The income has allowed the women to diversify into goat farming, manage table banking schemes, and invest in water tanks to cope with worsening water scarcity caused by prolonged droughts.
Their savings now total more than Sh600,000. “Climate change made life harder, but this project helped us become stronger,” says Naleku. “Now women can pay school fees, buy food, and even save money during drought periods.”
The project is also changing diets and improving nutrition in a region where climate shocks have historically limited access to fruits and vegetables. Traditionally, many Maasai households depended heavily on milk, meat, and ugali. But with drought affecting livestock productivity, food insecurity became more severe.

Using income from honey sales, the women have established kitchen gardens and a shared community garden where families grow vegetables and fruits. “Now our children can eat vegetables regularly,” says Elizabeth Milau, a member of the group. “We learned that climate change also affects nutrition, so we started growing food ourselves.”
Beyond economics and nutrition, local leaders say the project is strengthening community stability in an era of climate displacement because with improved livelihoods, fewer families are migrating constantly in search of pasture. This means that children remain in school longer, and households experience greater stability despite recurring droughts.
“This project has reduced movement caused by climate stress,” says John Saikong, the senior chief of Mumonyot Location. “Families are becoming more settled because women now have reliable incomes that support the household even during dry seasons.”

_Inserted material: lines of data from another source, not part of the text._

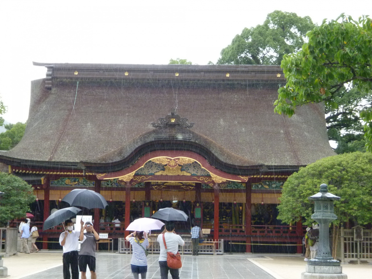 重要文化財で、右手に飛び梅、左手に大楠、参道は広く開放感と迫力と雰囲気を持った御本殿です。御祭神はもちろん菅原道真公、学問の神様で学業や合格祈願といったら太宰府天満宮とすぐ浮かぶくらいのところですね。もとは道真公の墓所だったそうで、本殿の正面の登竜門の彫刻は天神様が鯉にのって滝を登っています。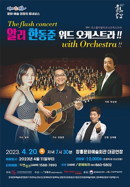 장흥군은 오는 20일 저녁 7시 30분 장흥문화예술회관에서 플래시 콘서트 ‘알리, 한동준 with 오케스트라’ 공연을 개최한다고 밝혔다.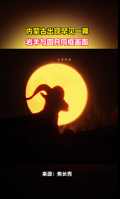 岩羊与圆月同框!内蒙古一地出现旷费一幕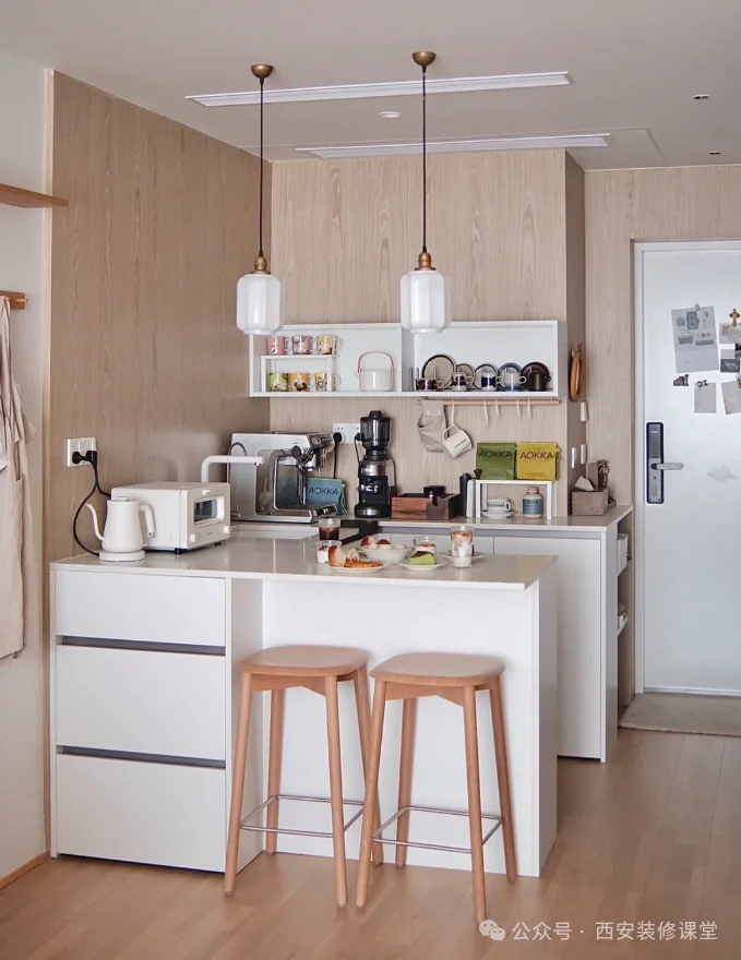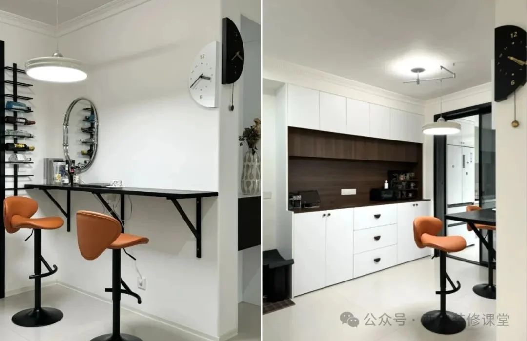 小空间户型,完全多余用餐桌,采用斗柜加吧台的形式,不仅满足了更多收纳,同时满足就餐,而且解决了平时在家办公的问题第五、装修新房必须要鞋柜吗?![]()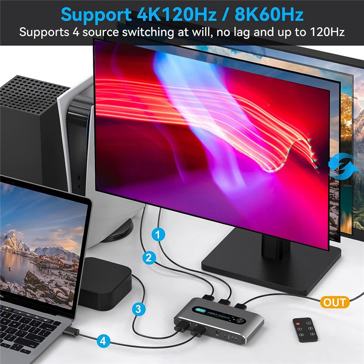 [ Switch 4 In 1 Out]The Switch 4 port allow to devices to1 monitor or projector.Just simply use the 8k 2.1 switcher panel button or IR remote control or external control to swap signals without plug and unplug the cables.(Note:Transmit 8K video please use the Ultra high speed cable and please power the switch Selector when use)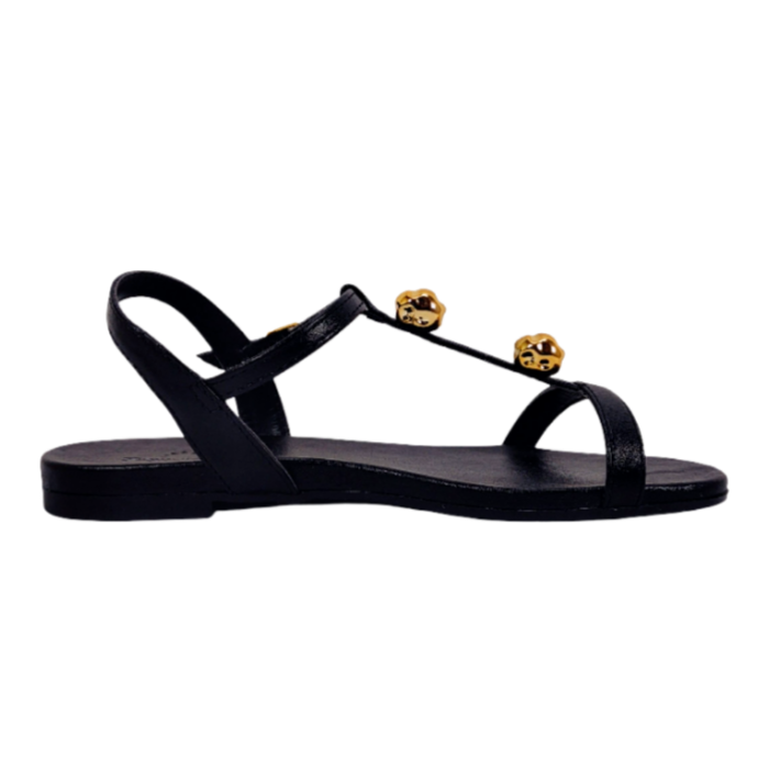 Sandália feminina rasteira, em napa soft cor preto, bico redondo, palmilha confortavel na cor preto, tiras largas, detalhe em tachas douradas, solado em borracha que não escorrega, sem fechamento traseiro com fivela para prender ao tornozelo, proporcionando maior conforto e confiança ao caminhar, calçado ideal para pezinhos feminino adulto de numeração 30 - 31 - 32 - 33.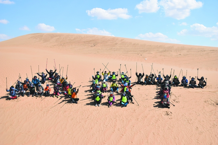 | 团建中的安博通,在库布齐沙漠摆出公司名“ABT” | |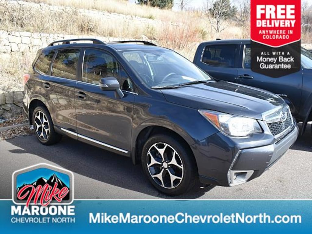 This 2016 Subaru Forester 2.0XT Touring, has a Dark Gray Metallic exterior and Black interior color with only 104,789 miles. Stock Number PN459991. You can connect with us by calling (719) 249-2703. No Accidents! OTHER NOTABLE FEATURES AND OPTIONS YOU SHOULD KNOW ABOUT: EyeSight and Navigation System ($1,395 value)Subaru Starlink 7.0" Multimedia Navigation System RadioEyeSight SystemProtection Package #2 ($601 value)Rear Seat Back ProtectorAll Weather Floor MatsLuggage Compartment CoverRear Bumper CoverSplash Guard Kit Convenience Distance pacing cruise control - Set it and forget it. Road trips used to be stressful. Cruise control only managed speed, but not distance or safety. Now, with Distance pacing cruise control, simply set your desired speed and let sensor technology maintain a safe distance between you and the vehicle ahead. Distance pacing cruise control; your ultimate co-pilot.Safety and Security Forward collision mitigation - Forward thinking. You look away for just a second and suddenly the vehicle in front of you has stopped. That's when the forward collision mitigation system comes to life. When it senses an impending impact, it will activate a combination of features to help prevent or reduce the severity of an accident. Forward collision mitigation is always looking ahead. Rear camera - Watching your back! The rear camera helps you see obstacles and hazards you otherwise couldn't by showing enhanced images of what is behind you. The rear camera is an extra set of eyes that's both convenient and safe. Brake assist - Stop right there. Something jumps out into the middle of the road and you need to stop now! With brake assist, you will. It uses the speed of the brake pedals travel to sense panic braking, then applies all available power to boost your stopping power. Brake assist can stop the accident before it is one. Predictive brake assist - Be prepared for your big brake. Predictive brake assist monitors the available distance in front of you compared to your vehicles speed. If your speed exceeds the required distance to stop short of a collision, it readies your brakes to apply maximum stopping force when you use them. Predictive brake assist helps see to it that you stop. EYESIGHT & NAVIGATION SYSTEM, DARK GRAY METALLIC, BLACK, PERFORATED LEATHER-TRIMMED UPHOLSTERY, PROTECTION PACKAGE #2, INT. & EXT. AUTO DIM MIRROR W/APPROACH LIGHTING, REMOTE ENGINE STARTER - PUSH BUTTON, AERO CROSS BAR SET At Mike Maroone Chevrolet North, were here to Serve you! Our staff is 100% dedicated to customer satisfaction and we understand that you need clear, transparent information throughout the car buying process. With our live market pricing philosophy, we offer the right cars at the right price, and the transparency to back it up! FINANCING OPTIONS: Take advantage of our attractive low-rate financing options. Our access to various Credit Unions and National Banks can provide financing for most credit levels. We can tailor a finance package to fit your needs. To get started, complete our secure online credit application. We will review our technicians vehicle inspection report with you before purchase. Our intention is to provide you a completely transparent buying experience. At Mike Maroone our used vehicles are Safety Checked, Warrantied, CarFax, and if you dont like it ... Bring it back! For more information or vehicles like it, stop by Mike Maroone North today. We are just north of the Chapel Hills mall behind Walmart in the Chapel Hills Auto Mall.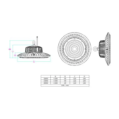 Beschrijving LED Highbay 200W 22000lm 90D - 840 Koel Wit | IP65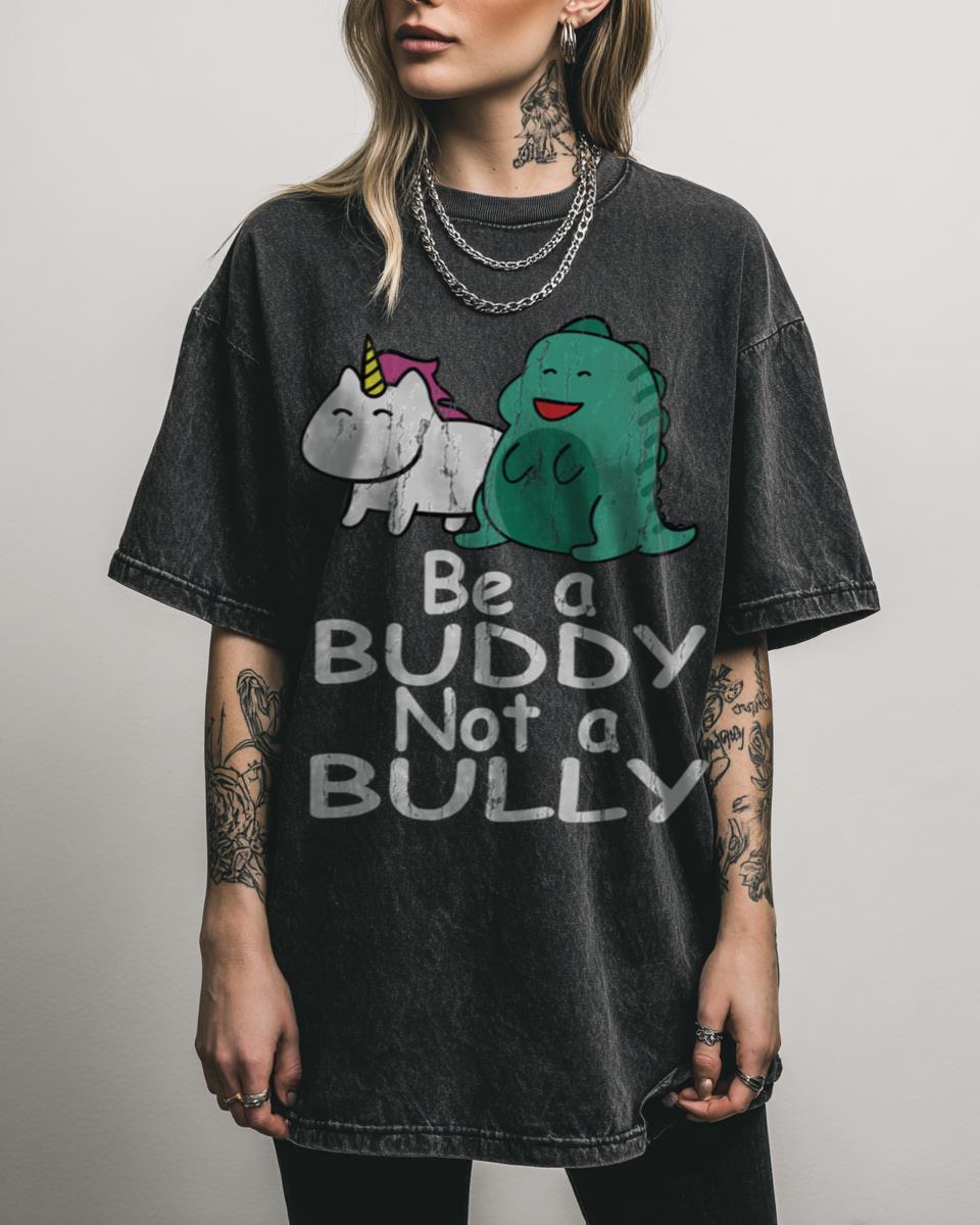 Ready to spread a message of kindness and stand up against bullying? Promote positivity with this enchanting ‘Be a Buddy Not a Bully’ graphic t-shirt! This design features a heartwarming array of mythical creatures like dragons and unicorns, alongside a friendly dinosaur, all advocating for kindness and anti-bullying. It’s a powerful statement piece for anyone…
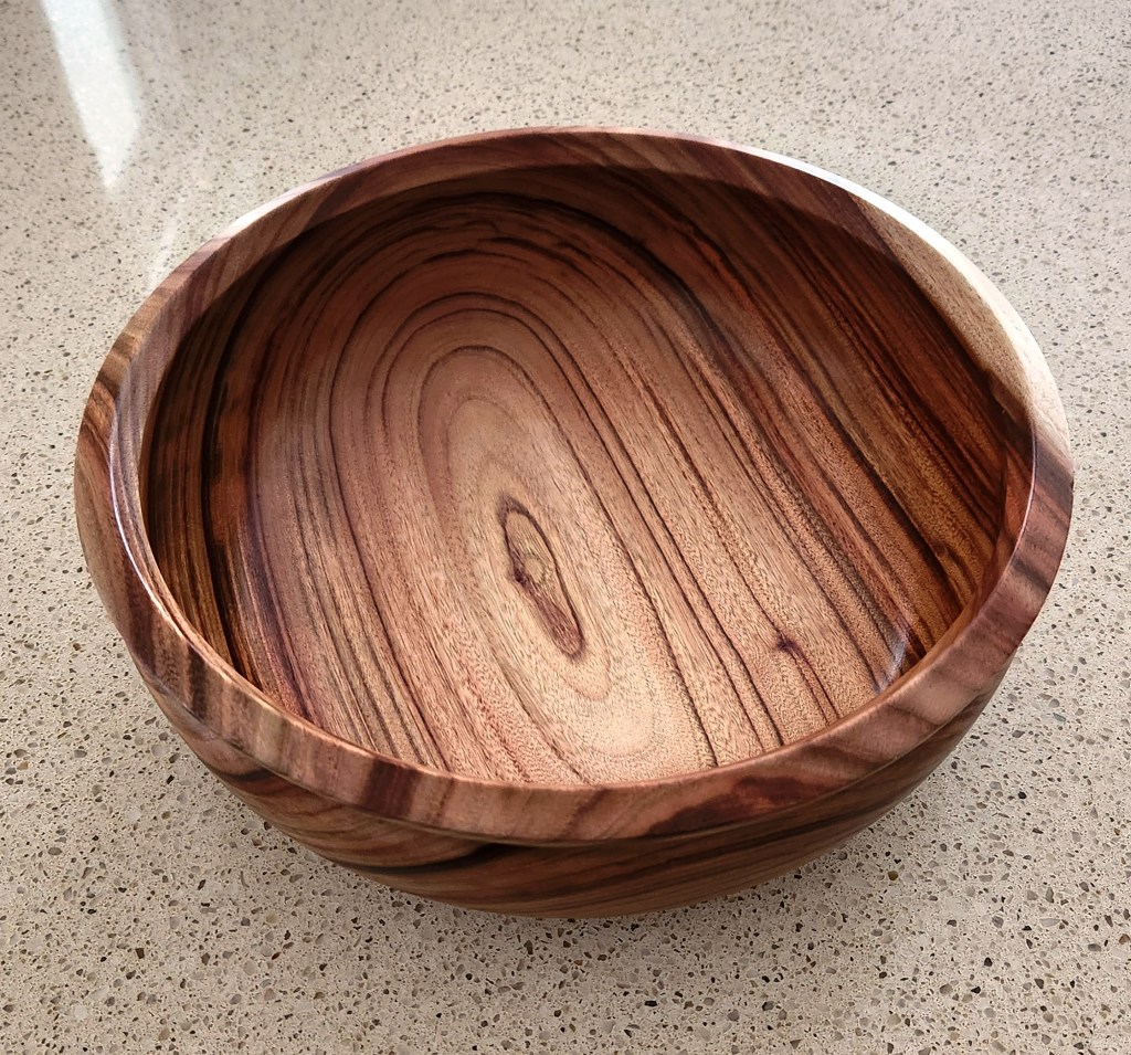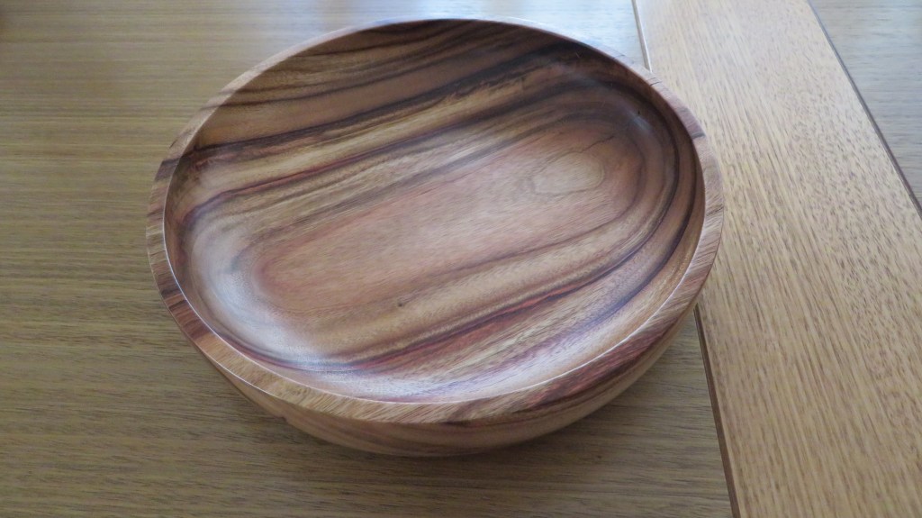 Janine is the happy recipient of this lovely platter. It’s the first one I have ever made this large and most of it was done at the Woodworkers Shed. The wood is African Mahogany or “Khaya” and it was difficult to sand down the end grain. In the end I had to sand by hand following the grain. The platter was finished with spray varnish.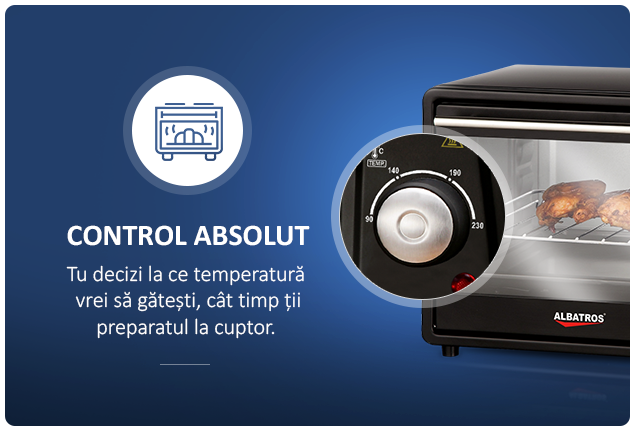 Tu decizi la ce temperatura vrei sa gatesti, cat timp tii preparatul la cuptor si ce program vrei sa folosesti! Cuptorul electric Albatros A23B2 este dotat cu functia de reglare a temperaturii, pe care o poti seta intre 90 si 230 de grade, iar functia “Timer” iti lasa posibilitatea de a alege timpul de gatire intre 1 – 60 de minute.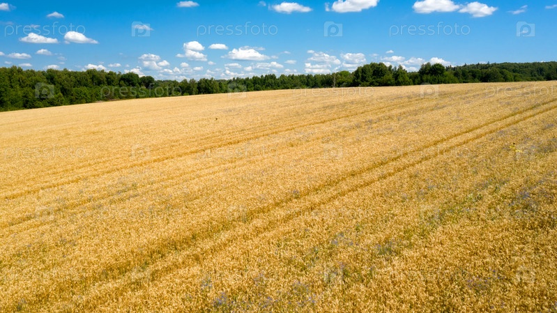 Живописный вид на сельскохозяйственное поле с зерновыми на летней ферме. Аэрофотосъемка, вид сверху с дрона. Сельскохозяйственный район Московской области. Аграрная земля в летнее время. Красота земли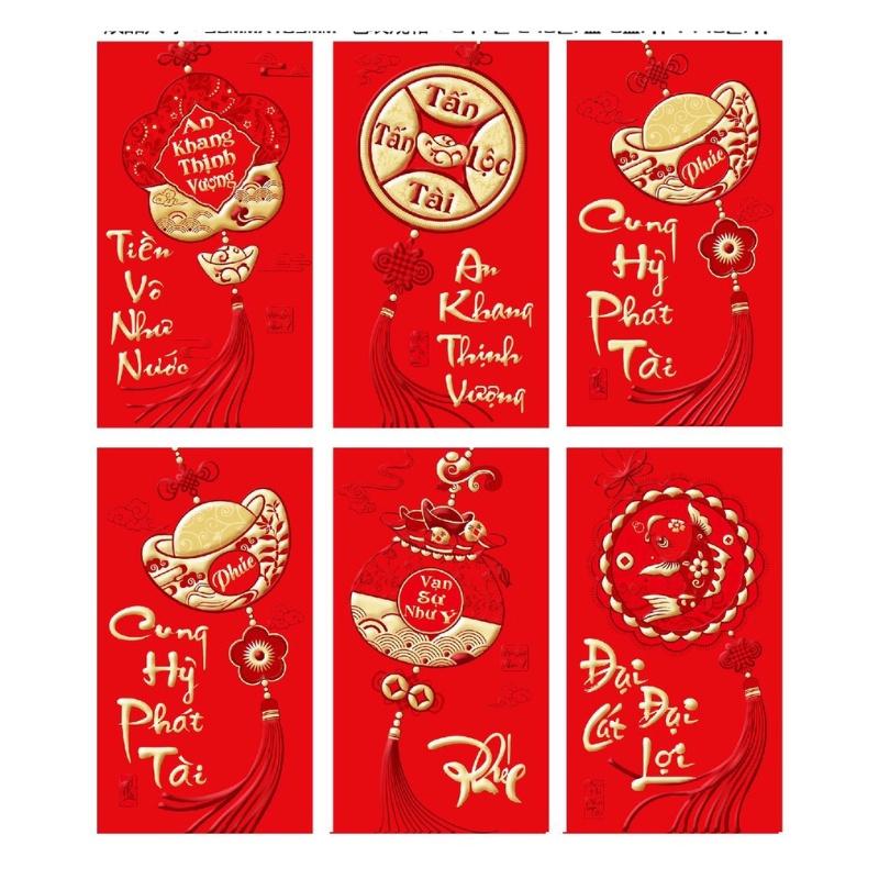 ✨Set 6 phong bao lì xì tết đỏ thắm, chất đẹp, phong cách truyền thống (giao mẫu ngẫu nhiên)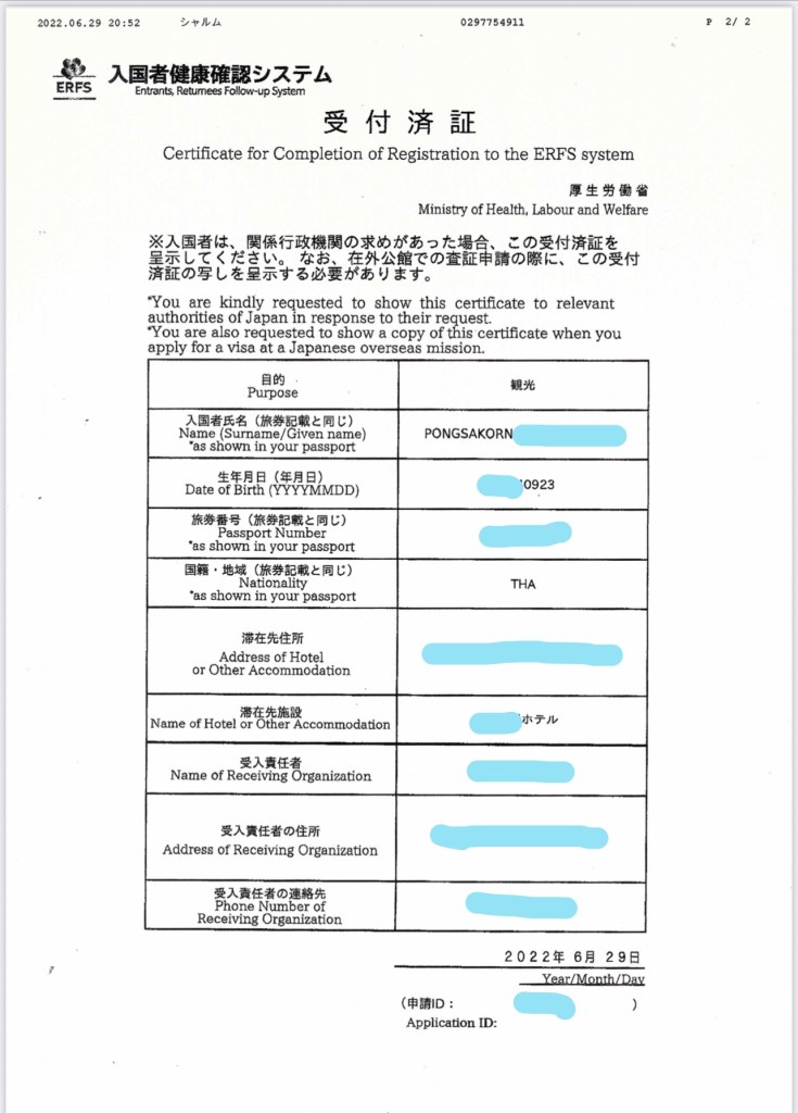หน้าตาของ ERFS ก็จะประมาณนี้ ต้องมีระบุชื่อผู้เดินทาง วันเดือนปีเกิด หมายเลขหนังสือเดินทาง ชื่อ-อยู่ ของโรงแรมที่จะไปพัก รวมถึงไปรายละเอียดต่างๆ ของบริษัทแลนด์โอเปอเรชั่นทางญี่ปุ่น ซึ่งเป็นผู้รับรองการออกเอกสารนี้

But perhaps the most remarkable transformation is social. In a community where land ownership and economic decision-making traditionally belonged to men, the women’s success in environmental conservation and climate resilience is slowly reshaping gender norms.
When the Namilok Women’s Group first requested land in 2023 to establish their beekeeping project, the decision to allocate it shocked many residents. In Maasai culture, women rarely receive communal land rights. Yet today, the same women are being celebrated as environmental stewards and economic leaders.
“These women have shown that protecting the environment can also strengthen families and communities,” says Peter Moiyare, chairman of the Morupusi Community Land Group. “People now respect them because they have brought development through conservation.”
Now, the group dreams of expanding even further. Within the next two years, the women hope to secure Kenya Bureau of Standards (KEBS) certification to access international markets with their branded honey, beeswax candles, lip balm, propolis, and royal jelly products.
For the women of Mumonyot, the future of climate adaptation is about restoring ecosystems, protecting forests, empowering women, and building livelihoods rooted not in environmental destruction, but in coexistence with nature.